Сладкая месть (СИ) - Дана Стар. Страница 45

Он никогда не посмеет бросить мне вызов.

Тому, кто превосходит его в сотню раз.

Однако… я слишком сильно недооценил брата.

Особенно, после четырёх лет разлуки.

Антон сейчас на эмоциях. Конченный псих.

Как и каждый из нас, кто прошёл все круги в Преисподней, когда услышал свой приговор, удар деревянного молотка и увидел грозный взгляд судьи в облике кровавого палача.

Тогда я даже не подозревал, что совершил ещё одну кошмарную ошибку, пусть хоть и на несколько часов, доверив жизнь самого бесценного в мире сокровища другому.

***

Как мешок с говном, его привезли к заброшенному складу.

Я долго ждал этого момента. Очень долго! И каждый раз получал душевный оргазм, когда представлял какими жуткими способами буду разделываться с этим вонючим дерьмом.

Виктор знатно разжирел. Добившись немалого «успеха» в работе, он прикупил себе роскошную тачку и навороченную трешку в центре города, в которую каждый вечер водил породистых шлюх, за деньги принуждая сосать его жирный хер.

Расслабился, ублюдок!

А зря.

Хорошая жизнь ударила по мозгам. Он даже представить себе не мог, что за его уродской мордой давно как наблюдают. Один шаг не в ту сторону, не с той ноги, может стоить жизни. Так и случилось.

Наёмники взяли отморозка быстро и без особых трудностей.

Н*хуярили по морде, затолкали в тачку.

А дальше дело за мной.

Привязанный к стулу, с мешком на голове, выбл*док что-то невнятно мычал, пока я наматывал вокруг него круги, размышляя с чего бы начать вершить правосудие.

Психанул.

С ноги в голову вмазал, с таким напором, что сукин сын на пол свалился, во время падения теряя грязный мешок с головы.

Еб*шил суку по морде, пока на разукрашенном гематомами лице, не осталось ничего, кроме заплывших век и разбитого до кости носа.

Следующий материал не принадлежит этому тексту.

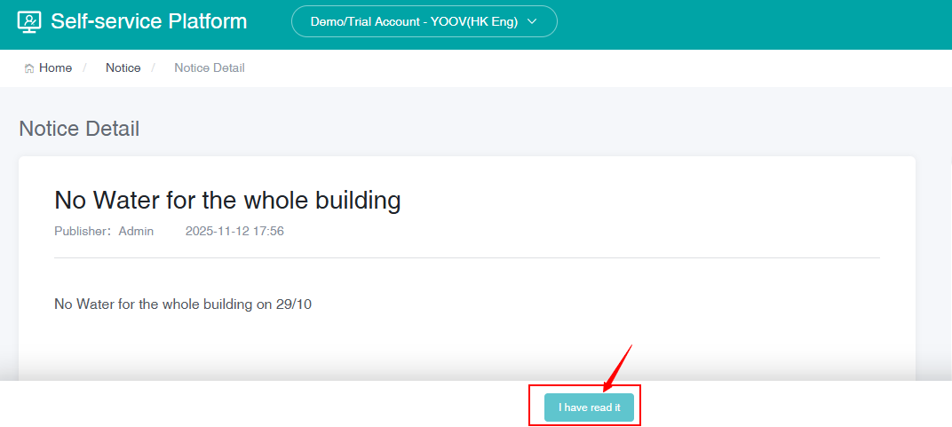 * **PC Version**: Employees can view announcement notifications on the self-service platform. When an employee clicks "I have read," it indicates acknowledgment.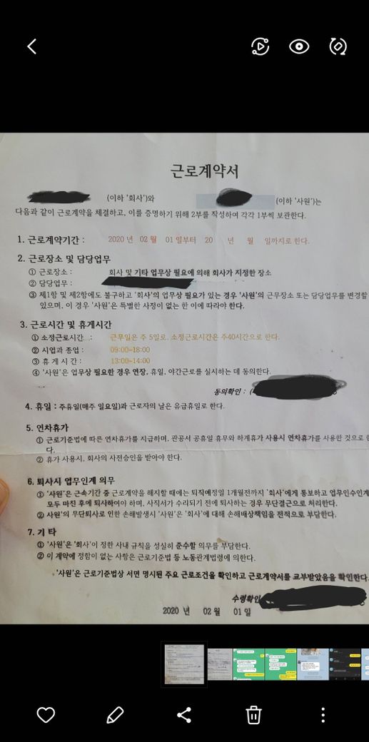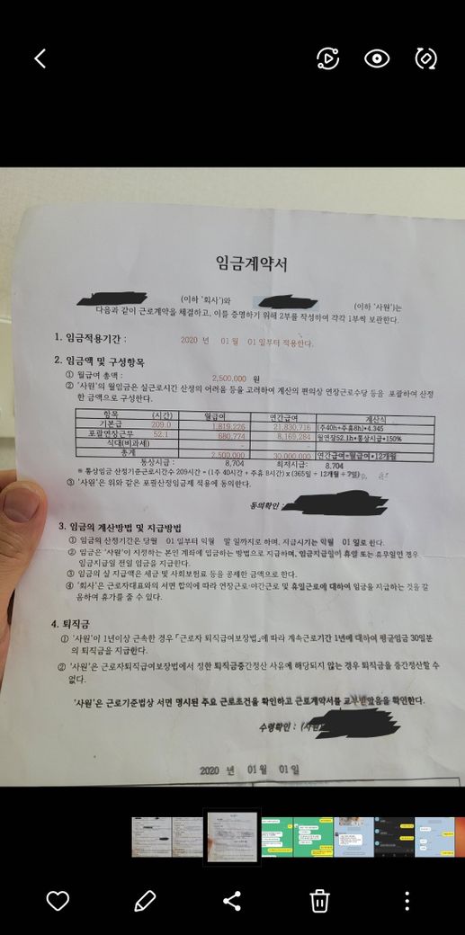 3. 2020년 계약서 인데 현재까지 같은 임금을 지급받고 계시다면 최저임금법 위반도 검토해 보셔야 합니다.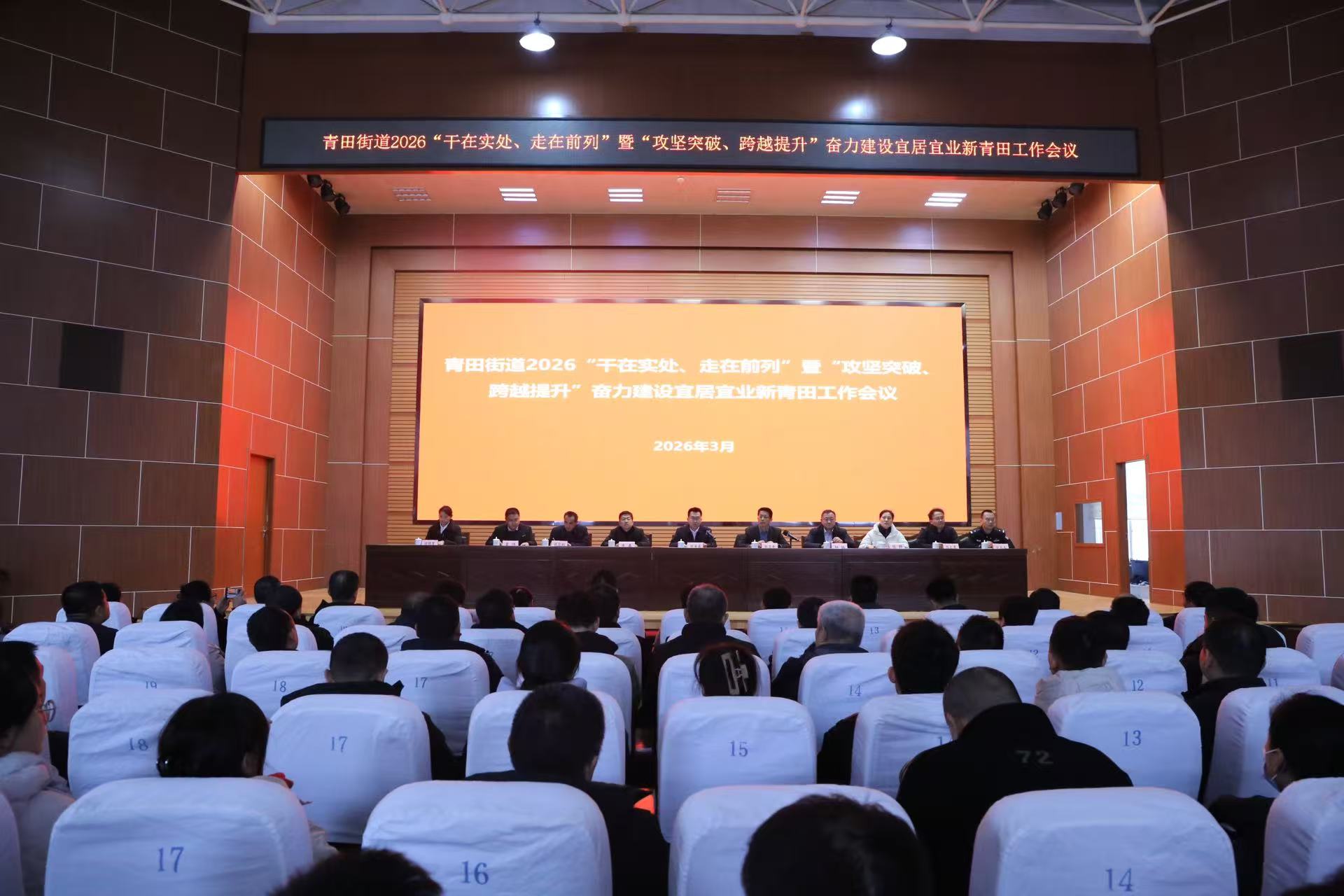 人勤春来早,战鼓催征急。3月3日,滨州高新区青田街道召开2026“干在实处、走在前列”暨“攻坚突破、跨越提升”奋力建设宜居宜业新青田工作会议。会议深入贯彻落实省、市、区系列会议精神,动员全街道上下迅速收心归位、担当实干,全力推动经济社会高质量发展。街道党工委书记刘通通出席会议并讲话,街道党工委领导班子成员、副科级领导干部、派出所所长、全体机关干部、村党组织主要负责同志参加会议。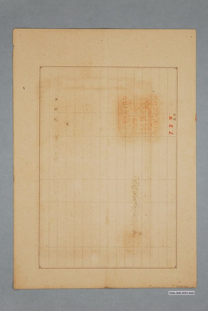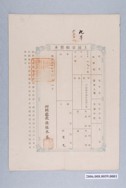 業主劉清元申請之土地臺帳謄本,由阿猴廳長佐佐木基發給,土地位置在阿猴廳港東上里五溝水庄八九〇番地(位於今日屏東縣萬巒鄉)。地目為畑(旱田),面積叁分八厘七毫〇絲,管理人劉炳紅,發給日期為明治37(1904)年3月1日。蓋有關防「阿猴廳印」及官印「阿猴廳長印」。
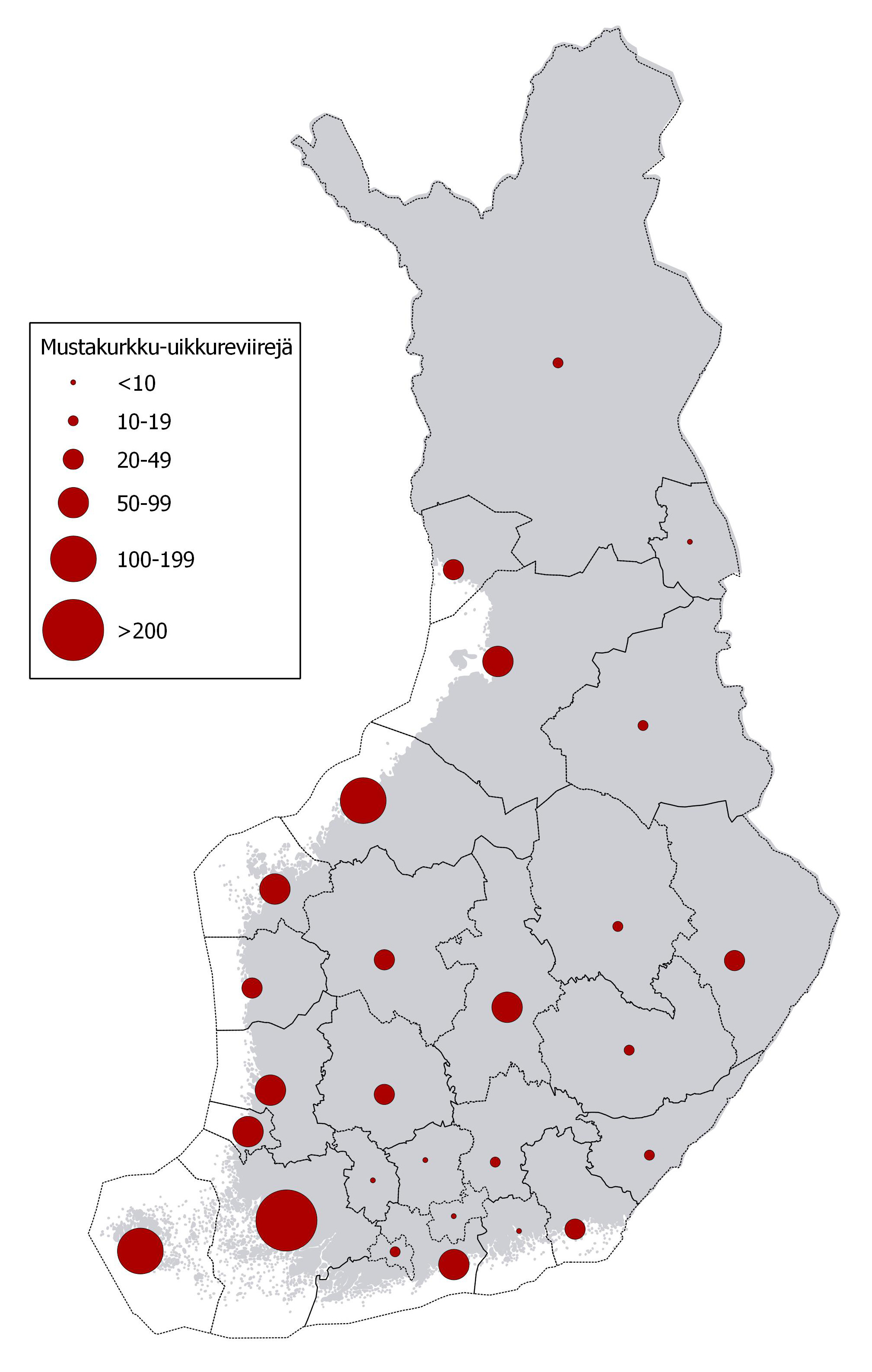 Mustakurkku-uikkuja havaittiin vuoden 2012 kartoituksissa 1 395 reviirillä. Yli puolet linnuista (712 reviiriä) asusteli merenlahdilla ja saaristossa. Sisämaan havaintojen jakauma on mielenkiintoinen: 40 prosenttia (268 paria) sisämaan mustakurkku-uikuista tavattiin erityyppisillä tekolammikoilla. Rehevillä järvillä ja järvenlahdilla pesi noin 27 prosenttia sisämaan linnuista, ja saman verran kannasta elää pienillä metsä- ja suorantaisilla lammilla. Avosoilta ilmoitettiin neljä prosenttia sisämaan reviireistä.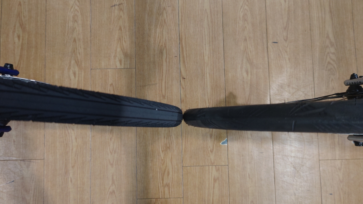 細く見える理由はETRTO規格の新旧の違い。左は旧ETRTO、右は新ETRTO規格で考えられているからですね。この辺はだいぶややこしい話になるので割愛しますが、表示サイズが同じでも新旧ETRTOの違いでこれだけ違うというのがお分かりいただけると思います。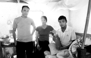 琼中黎族苗族自治县什寒村村民王锋(图右)今年20岁,因身患尿毒症,导致家庭陷入贫困。在这次群众路线教育实践活动中,省委办公厅领导在深入基层了解这一情况后,发动全体职工为其捐款55440元,以实际行动践行“心中有群众,奉献见行动”。 通讯员 韩瑞良 谭键 摄
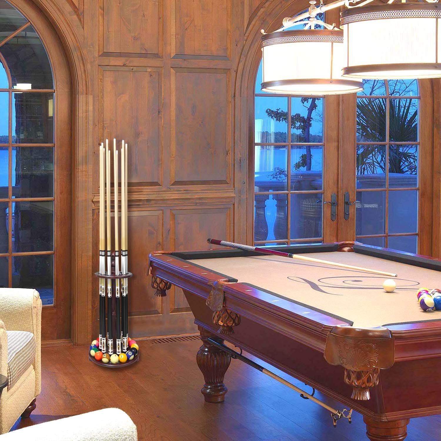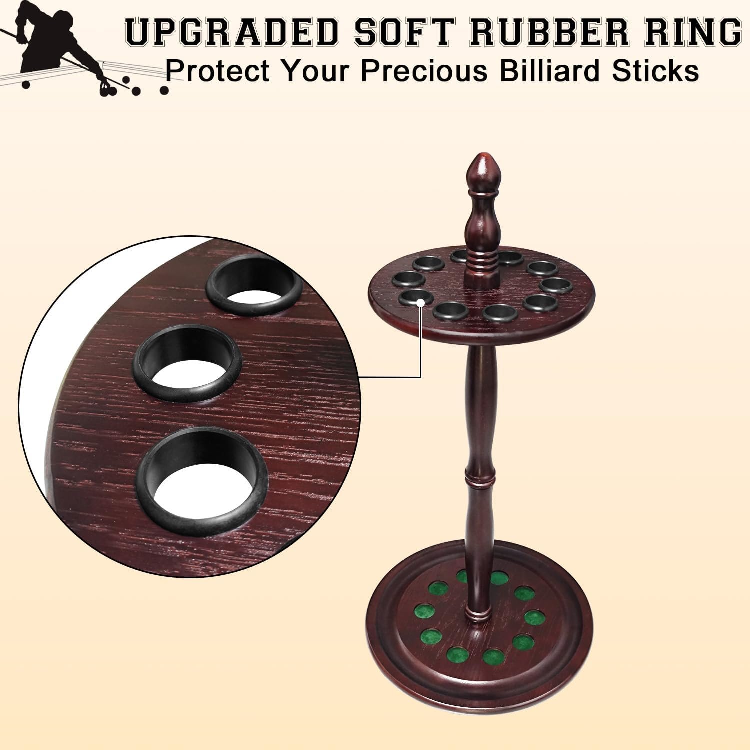 MAKE YOUR EASY ACCESSY TO POOL STICKS: Designed to accommodate up to 10 billiard sticks, this cue stand keeps your favorite cues neatly organized and easily accessible whether for use at home, tournaments, or in bars. The rubber rings ensure a smooth and scratch-free placement for your precious pool cues, providing added protection.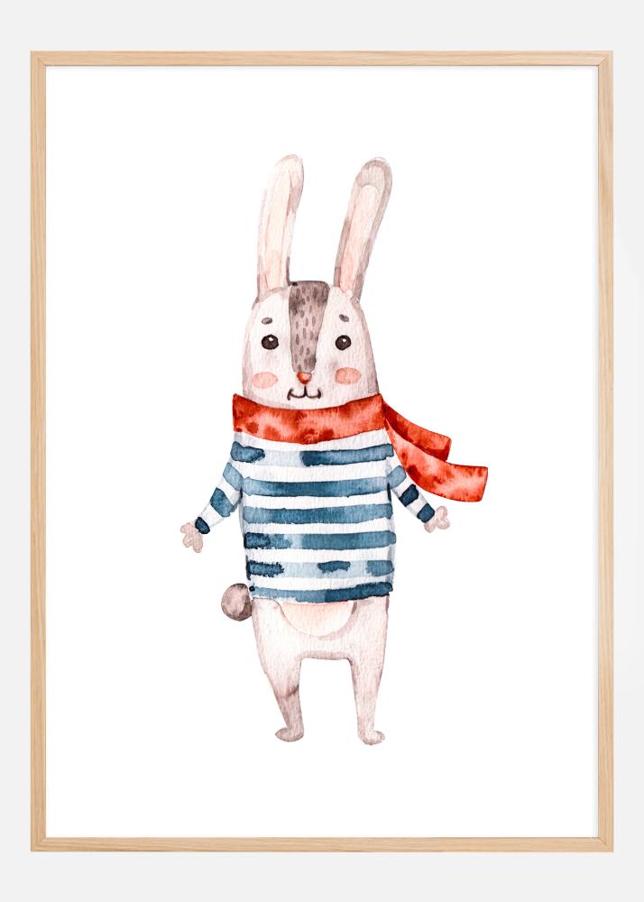 Denne sjarmerende plakaten portretterer en munter kanin kledd i en stripete genser og et flagrende rødt skjerf. Kaninens varme smil og lekne holdning utstråler glede og uskyld, noe som skaper en hjertelig og innbydende følelse. Illustrasjonen, utført i myke akvarelltoner, har en letthet og en enkelhet som gir en gripende og nostalgisk effekt.

За шиворот уё*бка схватил, от стула оторвал, встряхнув как следует.

— Говори! Всю. Сука. Правду!

Рассмеялся, запрокинув башку назад.

Говорить то сложно, когда во рту осталось всего два зуба.

Всё выложил.

Во всём признался, падаль.

Как я и думал.

— Зачееем? — за шею схватил, сжал, заставляя мразоту захрипеть от адских мук.

— Да. Я у-угрожал твоей с-соске. Давил на неё. Запугивал.

Зарычал, плюнув в лицо следаку.

— Просто её м-мамашка делала о-отрадный минет. Соответственно, я исполнял абсолютно любые хотелки психопатки.

Череда отборных ударов градом посыпались на этот смердячий кусок дерьма.

— Ублюдок! — выплюнул горсть зубов, — Хочешь на десерт вкусняшку? — заржал, пидарас. — Шлюшка твоя была беременна. И это я подогнал ей те красные таблеточки… С приветом от мамаши. Но Алла, видать, с дозой перебрала, пришлось скорую вызывать. Теперь твоя овца бесплодна.

С одного замаха, я мечтал проломить Виктору грудную клетку.

Молча.

Нанести настолько сильный удар, чтобы услышать треск крошащихся в щепки костей.

А затем вытащить его уродское сердце голыми руками, швырнуть на пол и с яростью раздавить ботинком.

Долго на месте топтался. Орал, матерился. А по щекам слёзы хлестали…

Девочка моя! Любимая!

Как же тебе было больно. А я не знал.

Я урод, мразь и ублюдок.

Тебе ведь было намного больнее, чем мне.

Душевная боль никогда не сравнится с болью телесной.

Там, в тюрьме, я был словно в раю. И мне не стоило жаловаться на свою карму.

Тебе ведь было в миллиард раз мучительней.

Жаль, что я, тупой кретин, не понял.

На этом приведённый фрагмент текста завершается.